Sunday, November 18, 2007

Adhering to Community

I found this section very interesting in reading School of Community (p.93) in light of our revived venture of this common blog.
We can have ideas and opinions that originate in Christian truth, but they are still not the redeeming Christian life. We are called to adhere to and participate in a reality that comes from outside ourselves: the community in which Christ places us.
I am really glad to blog here within a friendship that acknowledges first this life that we are invited to. Our smart judgments will not save the world, but instead "the instrument of the world's conversion is the visible unity of the Christian community." Thus we are back to Fred's insistence on presence as taught by Fr. Giussani.

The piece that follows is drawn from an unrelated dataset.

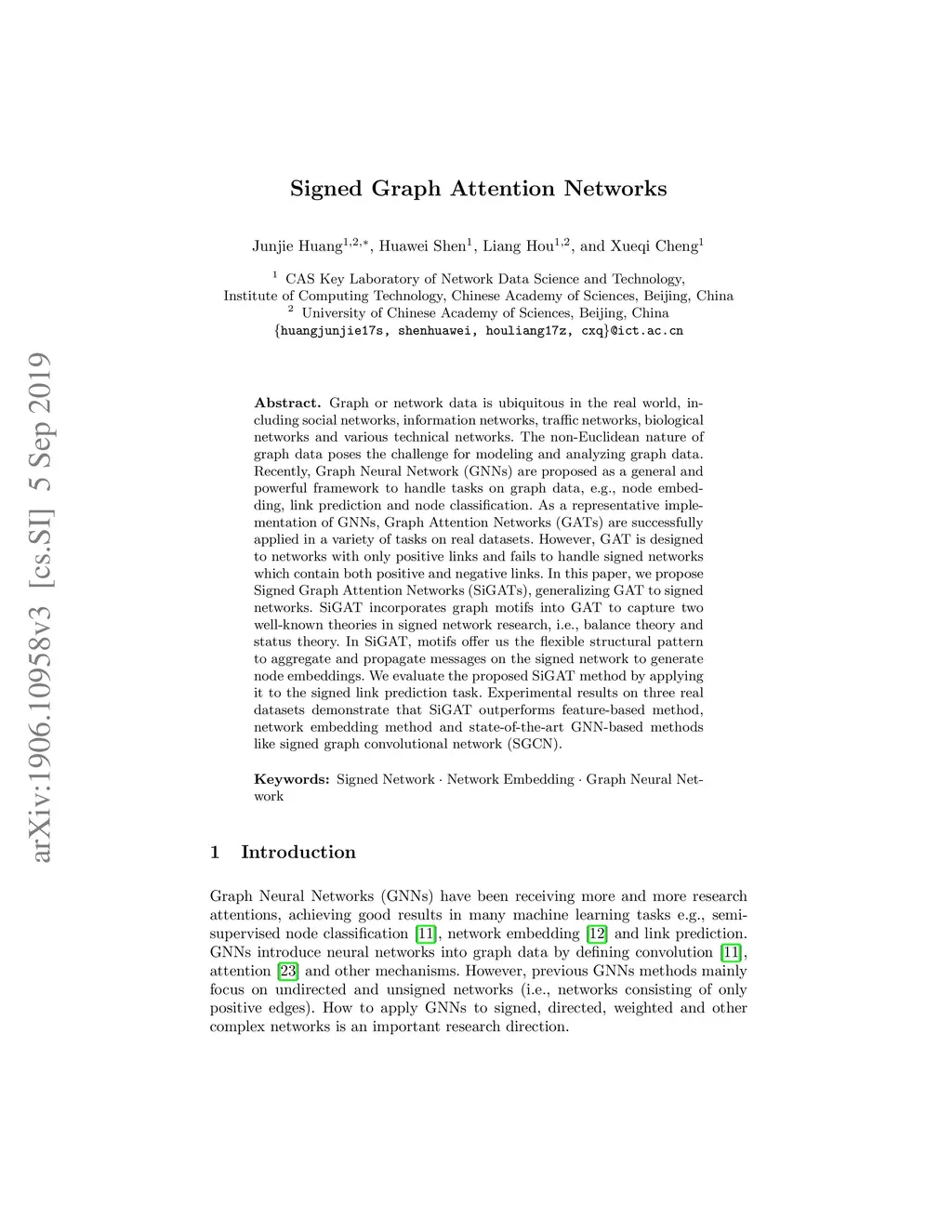 Signed Graph Attention Networks

I was struck by the recent defection of a cloning researcher away from stem-cell research. It can appear that we are not making a dent in such outrages to life, but the consistent witness to the dignity of the human being called by God is undeniable. This tenacity is evidently a fruit of the adherence of the community to Christ living with us.

3 comments:

Dcn Scott Dodge said...

That is what I love so much about Fr. Giussani, he has a way of bringing us back to the event, the encounter, without which all the rest, while not exactly meaningless, is far less meaningful. The other aspect is the requirement to deal with reality, what mystics would call living in the now.

Marie said...

"the instrument of the world's conversion is the visible unity of the Christian community."
I was very struck by this phrase.

"May they be brought to complete unity to let the world know that you sent me and have loved them even as you have loved me." (Jn. 17.23)

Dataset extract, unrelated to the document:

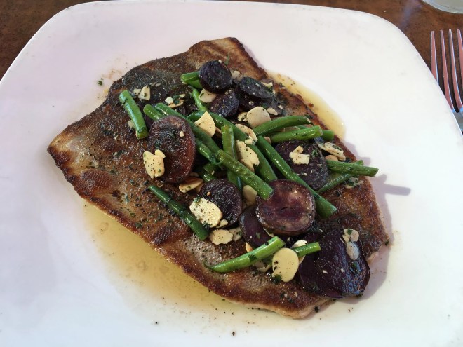 Rustic trout cooked on cast iron in a Western town.
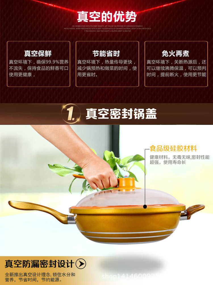 本款黃金真空養生鍋采用進口塗層 安全無害 標準直徑32CM適合3-7人傢庭享用,送竹鏟!!!煎,烤。炒。煮。煲樣樣都行。而且沒有油煙。又不沾鍋。做出的美食原汁原味。營養不流失。最主要的是節能省電。比普通的炒鍋省電50%。多層復合底。不挑爐子。導熱快。受熱均勻。夏天特別好。食物做好都不用在放冰箱裡。放在鍋裡就可以。能保鮮5天。保證不變質。

Locally we are facing a disunified church due to various trials of late. In my School of Community we have had some discussion of how to address this disunity. It is really no different if we talk about conversion of the world or conversion and healing and reunification of those already in the church. The answer is still the same: the visible unity of the Christian community... and what is unity if not to live love -- for Christ, and for each other because of Christ.

Suzanne said...

Living visible unity is very challenging! It's one thing to forgive others, to pray for others, to love others in one's heart...It's something totally else to live unity visibly. In fact, it strikes me as utterly impossible without the sacraments of the Church. Without the totally free and gratuitous gift of a power that comes from outside of us, we can cling to others out of any number of motives, none of which will sustain us when we come face-to-face with suffering or privation (the Cross, in other words). It seems to me that the path to visible unity goes straight through the Cross. How many things do we sacrifice and endure to break through to Resurrection and Light? It seems to me that we even have to sacrifice other forms of "unity" -- my own ideas of unity, cultural ideas of unity, my friends' ideas of unity, even my family's ideas of unity (you know that part of the Gospel we heard on Sunday about giving up father, mother, children, etc. to receive the hundredfold...).
With regard to the above, a passage in The Journey to Truth is an Experience that I keep returning to again and again is at the bottom of page 26. It makes me understand that "visibly expressed unity" can happen even when we are rejected and seemingly alone. So, Giussani points out that being in community is not an "exterior getting along" but rather an "interior dimension." This is the mysterious unity I am trying to follow at this time in my life.